WHAT IS EXPECTED:
Look through the entries below and copy exactly the part that begins with the line containing "Nevşehir Belediyesi tarafından" and ends with the line containing "to 9 times.". Do not copy the pictures.

EXERCISE INPUTS below:

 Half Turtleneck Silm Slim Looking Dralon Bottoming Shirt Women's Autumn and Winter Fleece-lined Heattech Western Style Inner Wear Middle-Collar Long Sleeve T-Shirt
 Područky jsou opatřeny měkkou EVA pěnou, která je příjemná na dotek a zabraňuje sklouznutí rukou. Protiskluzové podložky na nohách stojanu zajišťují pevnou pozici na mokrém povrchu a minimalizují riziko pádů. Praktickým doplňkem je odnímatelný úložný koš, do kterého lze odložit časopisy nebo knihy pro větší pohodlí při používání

End of EXERCISE INPUTS.
EXERCISE INPUTS below:

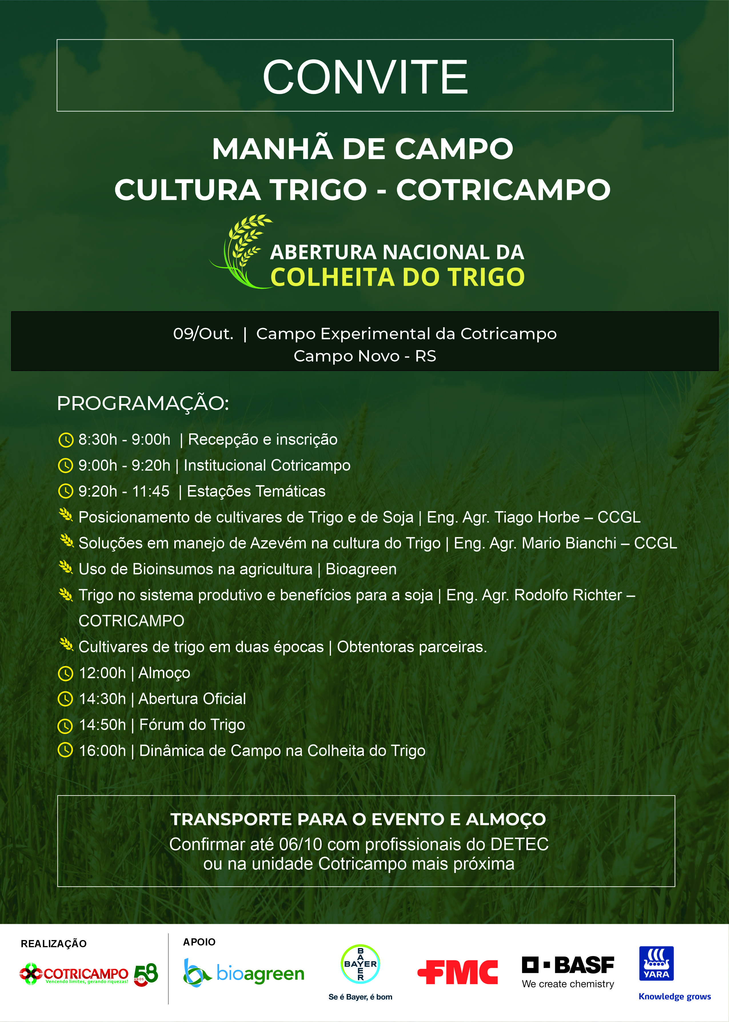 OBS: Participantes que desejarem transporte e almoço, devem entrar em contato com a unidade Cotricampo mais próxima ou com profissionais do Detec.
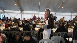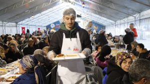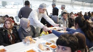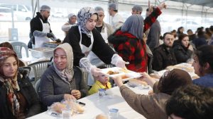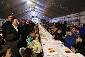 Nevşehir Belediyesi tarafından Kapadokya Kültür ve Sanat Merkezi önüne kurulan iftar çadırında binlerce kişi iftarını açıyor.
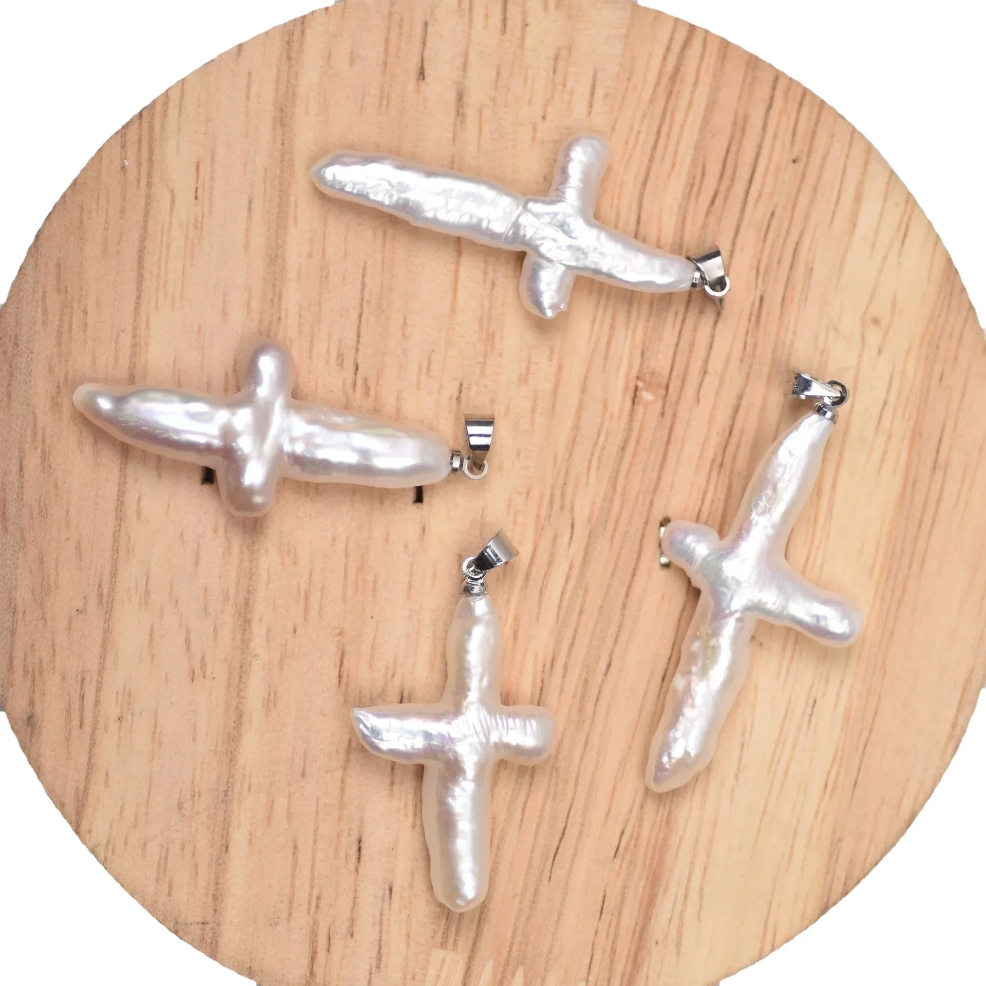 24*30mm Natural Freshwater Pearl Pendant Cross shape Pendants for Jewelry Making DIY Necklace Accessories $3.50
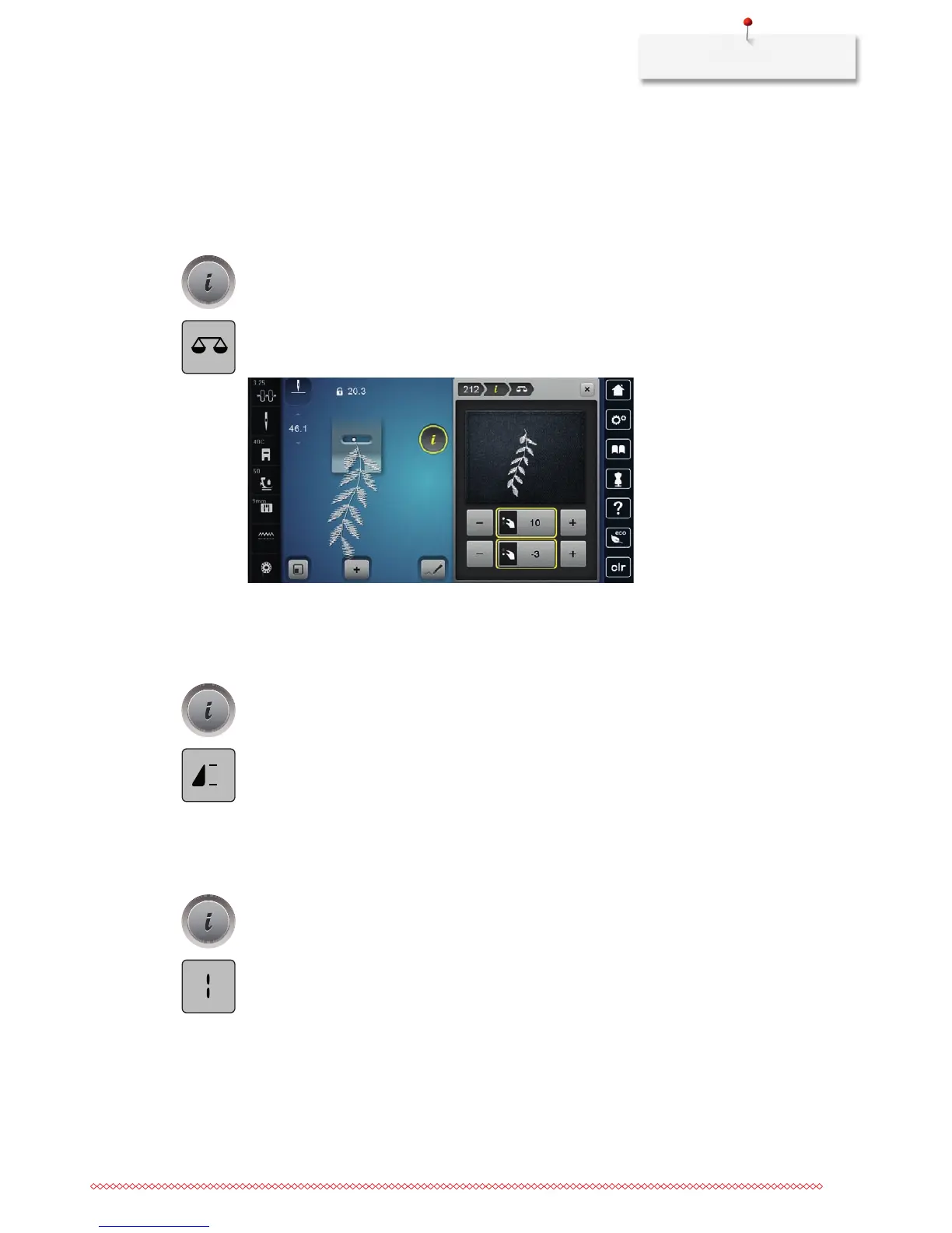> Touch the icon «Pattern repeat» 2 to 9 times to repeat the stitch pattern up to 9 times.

End of EXERCISE INPUTS.

WRITTEN SOLUTION:
 Nevşehir Belediyesi tarafından Kapadokya Kültür ve Sanat Merkezi önüne kurulan iftar çadırında binlerce kişi iftarını açıyor.
 24*30mm Natural Freshwater Pearl Pendant Cross shape Pendants for Jewelry Making DIY Necklace Accessories $3.50
> Touch the icon «Pattern repeat» 2 to 9 times to repeat the stitch pattern up to 9 times.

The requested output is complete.